顔はわからないが、ガタイのいい男の前に、同じく顔はわからぬが白いパンツルックの女性が何か訴えている。
娘を連れまわしたという謝罪、そしていまだ尽きぬ友情。そして一緒にまだ過ごしたいという希望を。
「え?? ……あ、アレって??! お、お……」
潤子は思わず『虹の都』の最終話の入った封筒を落としてしまった。あわてて拾おうとする。
「……大家……さん? 」
穏やかに微笑みつつ封筒を手渡すのは。かつて二人が世話になった猫アパートの大家さん。

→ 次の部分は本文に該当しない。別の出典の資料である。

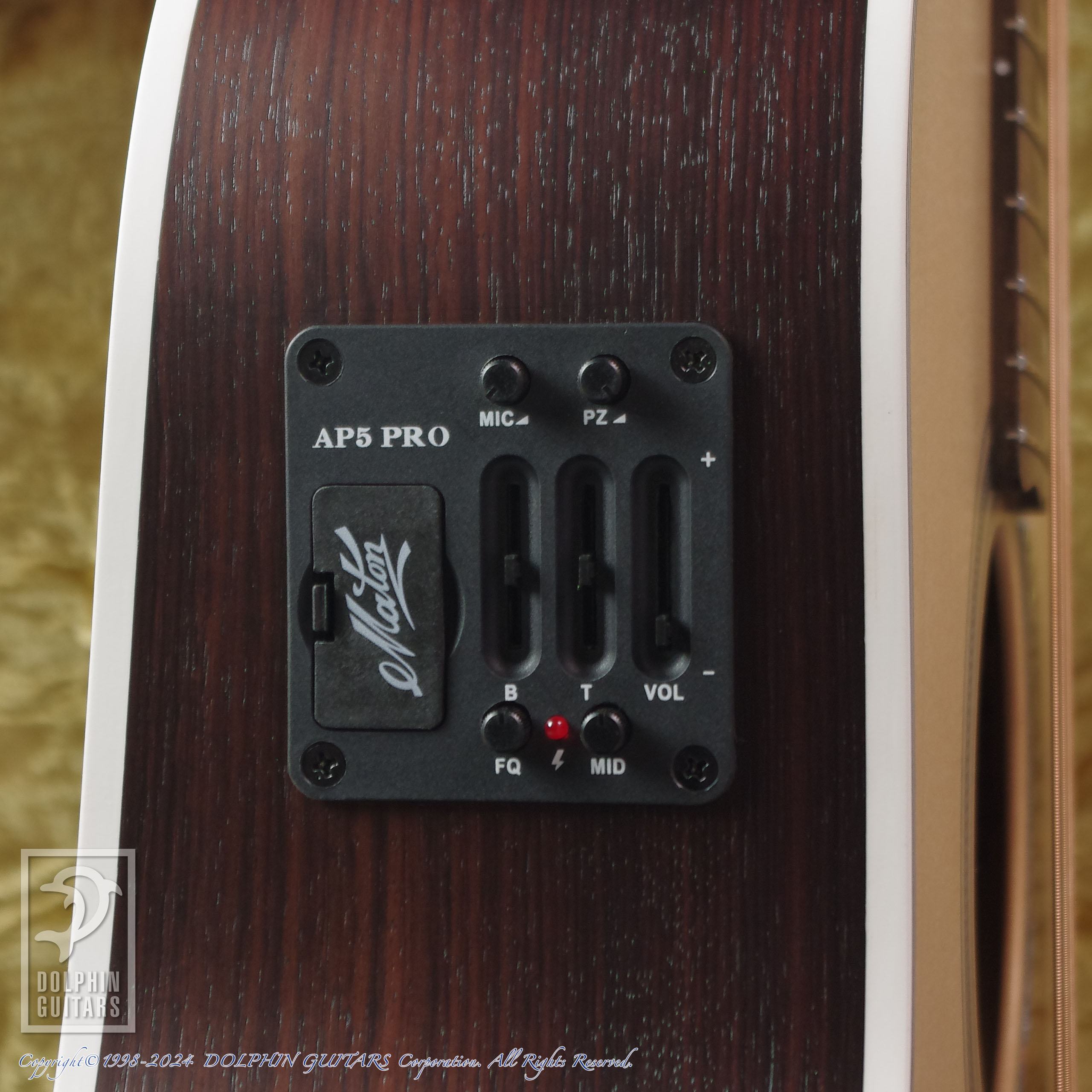 メイトンの魅力の一つでもあるピックアップシステム。メイトン社オリジナルのAP5-Proは特殊構造のアンダーサドルPUとコンデンサーMicをMixし、リアルなアコースティックサウンドをアウトプットします。
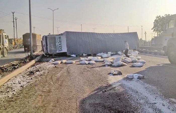 દાણા ભરેલા કન્ટેનરના ચાલકે સ્ટિયરિંગ પરનો કાબૂ ગુમાવતા કન્ટેનર પલટી મારી ગયું હતું
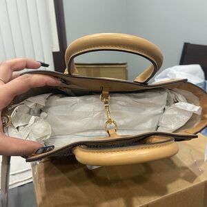 All packaging intact. Brand new! Very stylish purse with gorgeous accents. Beautiful shade of blue and tan would compliment so many outfits. Can be used as a handbag or a shoulder bag (removable shoulder). Shoot me an offer!

大家は微笑みを絶やさず、映画の画面に手をふって、潤子の注意を画面に向ける。
思わず逆方向に振り向くと、『監督』と言われる青年が映写器を持って手を振っているのが見えた。
『映画のように、映画より素敵な人生を』
『小説のように。小説より素敵な物語を』
ナレーションが入る。
『悲劇で涙を流したら、明日に向かって走り出しましょう』
ナレーションと共に、白いパンツルックの女性が男性に頭を下げて、車に飛び乗った。
その運転席と助手席にはミハルと店長が乗っている。ミハルと店長が画面の観客に投げキスをした。
沸き立つ観衆。
「え??????? えっ????!!!!!!! 」
もう潤子は周りの迷惑を顧みず大声をあげまくってしまっている。
『喜劇より嬉しいサプライズが待っている』
ナレーションと共に車から飛び降りた女は、吹雪から白い花束を受け取り、凄い勢いで走っていく。
「こ、これって。あの男の人ってお、おと……」
ぽかーんとしている潤子。パンツルックの女性は短距離走の選手もかくやの速さで街を駆けて行く。

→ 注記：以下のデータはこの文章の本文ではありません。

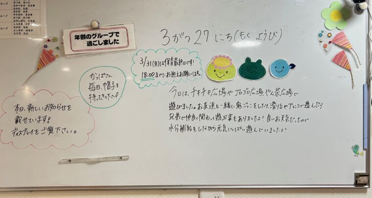 3月27日(木) 《幼児組》 かっぱさんが登場する日があと3日となりました。「あと3日しかないから、大好きなチキチキ広場で遊び 尽くすぞ~!」と、今日もたっぷり遊びました。 そしてお昼からかっぱさんは、小学校に向けて色々な歌を歌っています♪ こうやってみんなで歌って遊べる日もあと少し… 心残りがないよう、大好きな友達と明日も楽しみましょうね♡ 設定内容→(かっぱ・かえる・おたま)チキチキ広
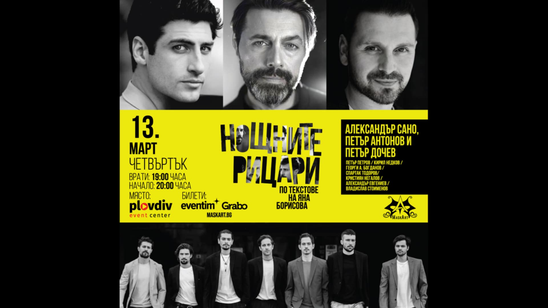 318 Хитовият спектакъл „Нощните рицари“ по драматургични текстове на Яна Борисова ще гостува в Пловдив на 13 март, четвъртък в Plovdiv Event Centre Антракт, началото е от 20.00 часа. В „Нощните рицари“ говорят за любовта по начин, по който никой не го е правил до този момент. Те са пазители на нощта – времето, когато всичко забранено е позволено и всичко неизказано може да се изрече. Това са гласове, които разцепват мрака и говорят за любов. Спектакълът е със специалното участие на Александър Сано, Петър Антонов и Петър Дочев и актьорите Александър Евгениев, Владислав Стоименов, Спартак Панталеев, Кристиян Негалов, Георги А. Богданов, Кирил Недков, Петър Петров. Сценографията е дело на Елис Вели, музиката е на Милен Кукошаров. „Нощните рицари“ е уникален спектакъл по текстове на Яна Борисова, в който няколко млади мъже говорят за любовта брутално откровено, без цензура и без задръжки. Те са млади, талантливи, красиви и разказват за мъжката гледна точка на този емоционален водовъртеж, в който всички рано или късно попадаме. Хитовият спектакъл успява да ни развълнува, да ни разплаче и разсмее до сълзи, защото смисълът му е да освети всичко онова, което ни е срам да признаем в реалността. „В „Нощните рицари“ всички можем да отворим сетивата си за това огромно емоционално море наречено любов…или влюбване. Моята голяма страст, моята голяма тема като автор, която аз винаги ще следвам, а тя винаги ще ми предстои. Любовта е свързана с оцеляването, с вдъхновението от живеенето, с дишането, с радостта, и с концепцията за щастие. Тя е сериозна работа и не е за всеки. Това е може би единствената безпогрешна формула досега, която е спасявала човечеството. Огромна стихия с размери и сила без аналог. Която единствена превръща хората в богове и обратното! И както каза един мой много скъп човек: Никой не може да се изложи, когато става дума за любов“, споделя свои мисли за любовта и спектакъла авторката Яна Борисова. Билети се продават на билетна каса „МаскАрт“ в ДК „Борис Христов“, мрежата на Ивентим и Грабо. (за контакт 0895/619181) Може да ви хареса също Премиера в Драматичен театър Пловдив – „Дреднаути. Пиеса за женска публика“ AL BANO: Да пея на сцена като Античния театър в Пловдив е чест и вдъхновение Ансамбъл „Тракия“ с нов мащабен спектакъл, вдъхновен от река Марица България с пълен национален отбор за Европейското първенство по стрелба с лък в Пловдив
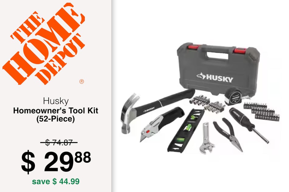 The Husky Homeowner's Tool Kit (52-Piece) for $29.88 instead of $74.87 provides everything you need for everyday home repairs and projects with professional-grade durability.
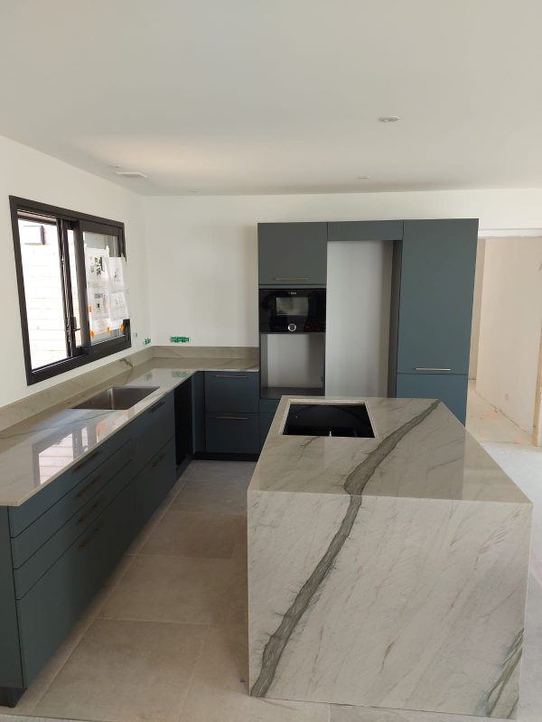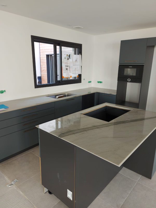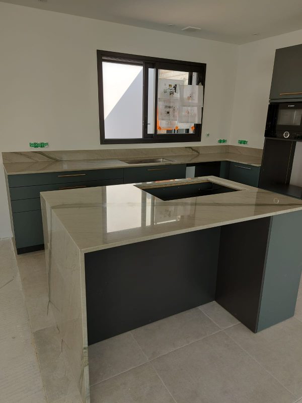 Nous sommes ravis de vous présenter notre dernière création : un superbe plan de travail en Quartzite Méridien. Ce projet a été réalisé en étroite collaboration avec Home Mesure, garantissant une précision et une qualité inégalées.
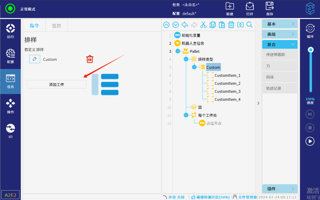 ● 自定義排樣:點擊自定義排樣節(jié)點,可重命名排樣類型的節(jié)點名稱,并添加或刪除“工件”節(jié) 點,自定義排樣是指在不規(guī)則的碼垛情況下,用戶需自己示教該層點位。
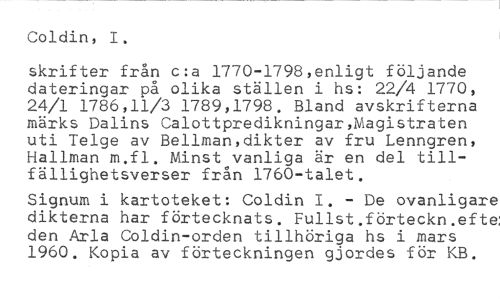 Coldin, I. //// skrifter från c:a 1770-1798,enligt följande dateringar på olika ställen i hs: 22/4 1770, 24/1 1786,11/3 1789,1798. Bland avskrifterna märks Dalins Calottpredikningar,Magistraten uti Telge av Bellman,dikter av fru Lenngren, Hallman m.fl. Minst vanliga är en del tillfällighetsverser från 1760-talet. //// Signum i kartoteket: Coldin I. - De ovanligare dikterna har förtecknats. Fullst.förteckn.efte: den Arla Coldin-orden tillhöriga hs i mars 1960. Kopia av förteckningen gjordes för KB.
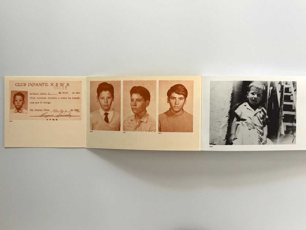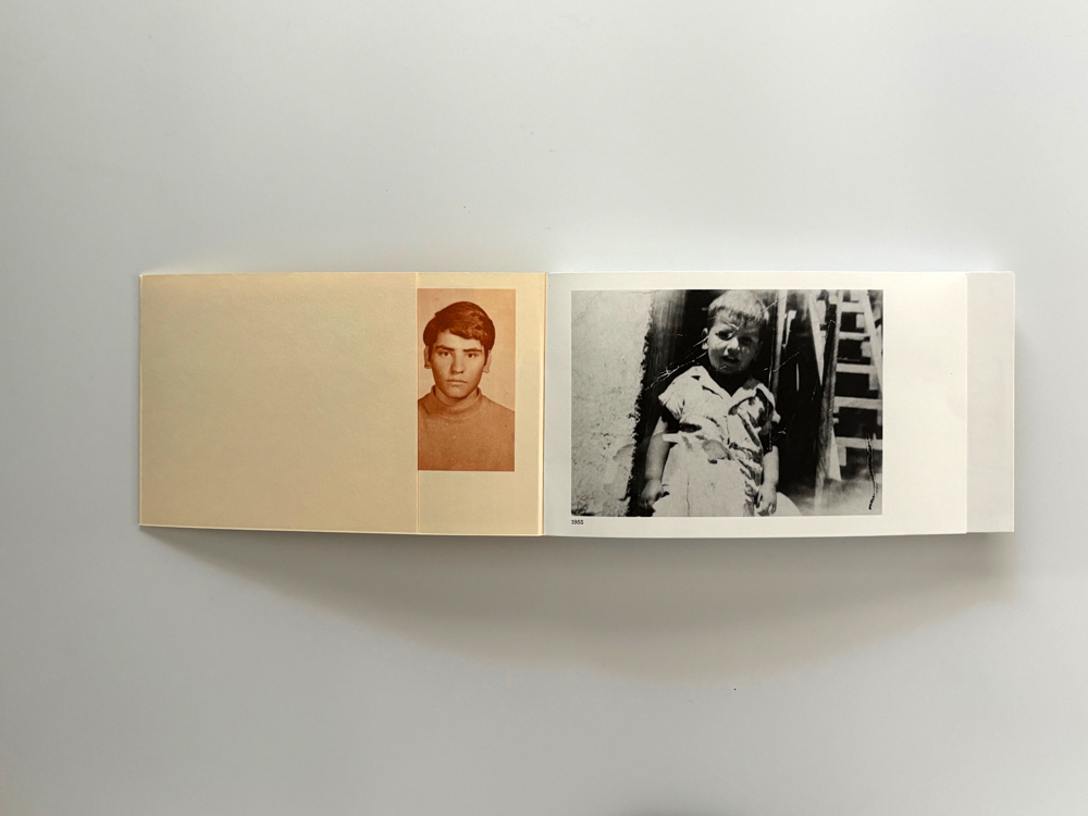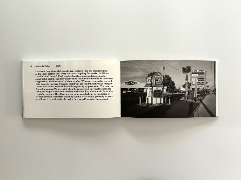 I’m thinking of page 74 as an example: a wide pavement and a wide road, a few cars, and a sign for the Rio Grande department store. The only text opposite is the page number and the road name, ‘East San Antonio Avenue’. I know it has a place in your father’s story, but without words, I don’t know what it is. The picture feels slippery, and it reminds me that for how finished images appear, they often wait for words to complete them. It’s Barthes again, although I’ve always thought that his idea of latent meanings feels too passive, and underplays how images can be filled with meaning (a dangerous thing), and then hammered into shape.

「……ええええええええええええっっ????????! 」
かつての級友たちや理事長。先生や文芸部の顧問が女性に向けて拍手をしている。
その女性は、古ぼけた映画館に花束を抱えたまま、全力で駆けて行く。
カンカンという音が、響く、いや、画面からではなく。近くから聞こえている気がする。
バッ!!!!!!!!!!! と映画館に光が差す。誰かが勝手に入り口を開けたのだろう。

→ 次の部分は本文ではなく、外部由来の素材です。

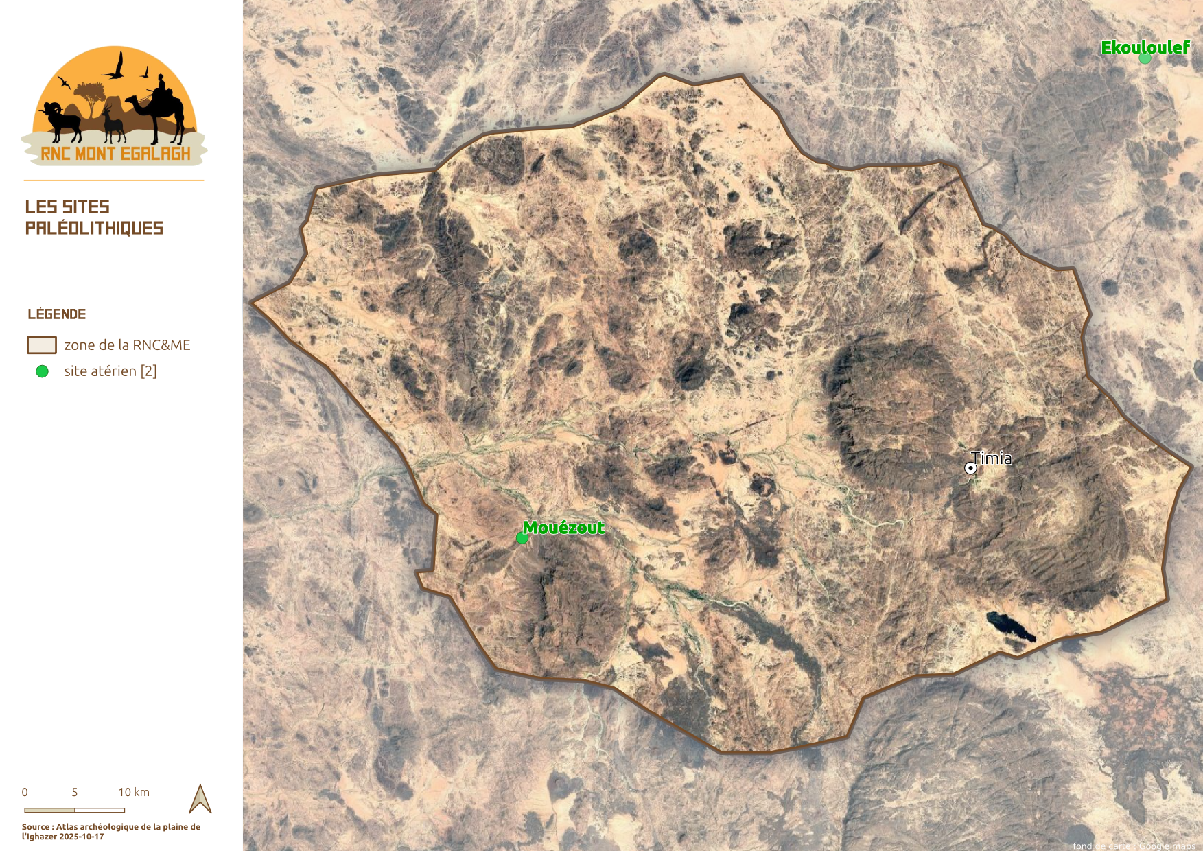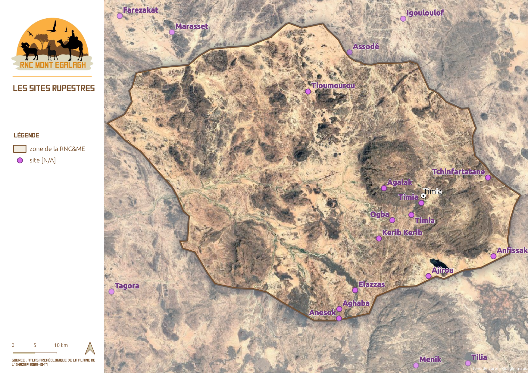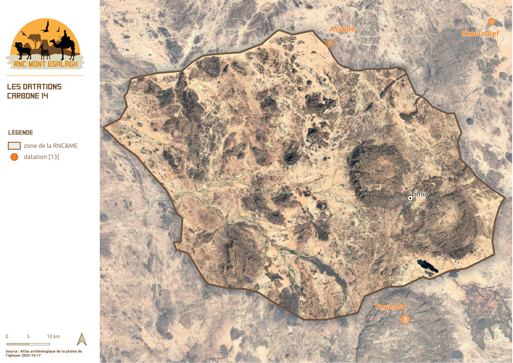 La Réserve Naturelle Communale du Mont Egalagh représente un cadre réglementaire et administratif parfaitement adapté à la préservation du patrimoine culturel et archéologique de l’Aïr. Elle constitue une entité homogène au cœur du massif, abritant l’essentiel des éléments préhistoriques et historiques encore trop peu explorés dans cette région. Cette réserve pourrait ainsi devenir un socle pour des programmes de recherche préhistorique et historique, visant à approfondir l’étude de vestiges archéologiques encore largement méconnus. Ce document en est une des premières pierre.
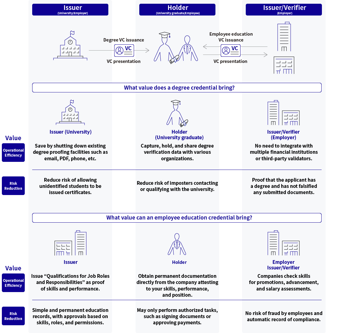 By converting degrees into VCs, universities and companies can automate the entire flow of degree issuance and verification online. Companies can also convert educational records and work experience into VCs for their employees, which help understand their skills and reducing the risk of unqualified employees taking on specialized tasks.
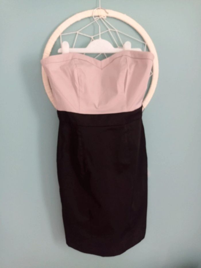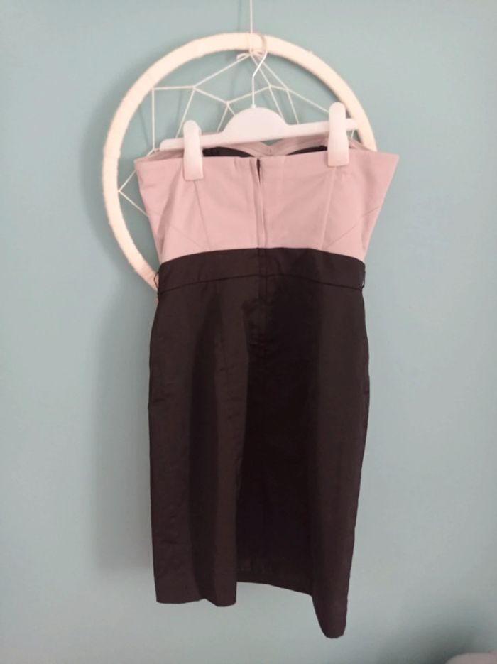 Très joli robe bustier Morgan ,beige et noir , fermeture éclair dans le dos ,le bustier tient très bien grâce à ses bandes intérieur voir photo ,bonne qualité très peu utilisé ! Canon !
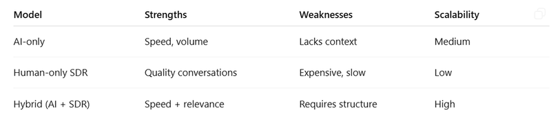 A SaaS startup in Singapore implemented a hybrid SDR + AI prospecting model:

逆光でその闖入者の顔は見えないが、『白いパンツルックを着た女性』であることだけは潤子にも確認できた。
「……ちょ……」
狼狽する潤子の前まで、その『王子様』はやってきた。
スポットライトが潤子の目を焼く。
パチパチと大きな拍手が巻き起こる。
みんな、みんな知っている顔。あのときの警察のおじさんや女性までいる。
「……お待たせしました。姫」
花束を手に不敵に微笑む女性。……和代だった。
「ちょ……」
一緒に手を叩いているのは、最初に画面に映った男性……潤子の父。そして。母。
和代は潤子に膝をついた。
「見知らぬ国に、私と旅立ちませんか? 」
「……断れるわけないじゃないっ?!!!!!!!!!!! 」
潤子は泣きながら和代に抱きついた。
「こんなに泣かせてっ?!!!!! 人を莫迦にしているでしょ?!!!!! 」
「ぐあああああああああああっ?? ギブギブギブッ?!!!!!!! 」
華麗なコブラツイストを和代に決める潤子に大笑いする皆。
「……おいおい、なにこのサプライズっ?! 霧島っ! なんかすげえなっ? 」「新作のネタに出来るぞ。澪! 」
「……美和。いい友情だな」「……私の友達ですから」
「なんか、すっげぇ……。美玖ちゃん。面白い映画誘ってくれてありがとう」
「もげろ。もげろっ! 義樹ッ!!! 」「……くすくす妬かない妬かない。美幸ちゃん♪ 」
……。
……。
「何処だって! どんな話だって! こんなに笑ったことはないわよっ?! 」
潤子は叫んだ。その瞳から大きな涙がはじけて飛んだ。
暖かい拍手を背に、二人の乙女は駆け出していく。
理事長が手をあげた。和代は、潤子は、彼にハイタッチをした。
「いこっ! カズちゃん! 」「うん! ジュンっ!!! 」
潤子が和代を強く引っ張り、和代は皆に次々とハイタッチして去っていく。
劇場はいつまでも暖かい拍手に包まれ、やがて暗くなり。終幕。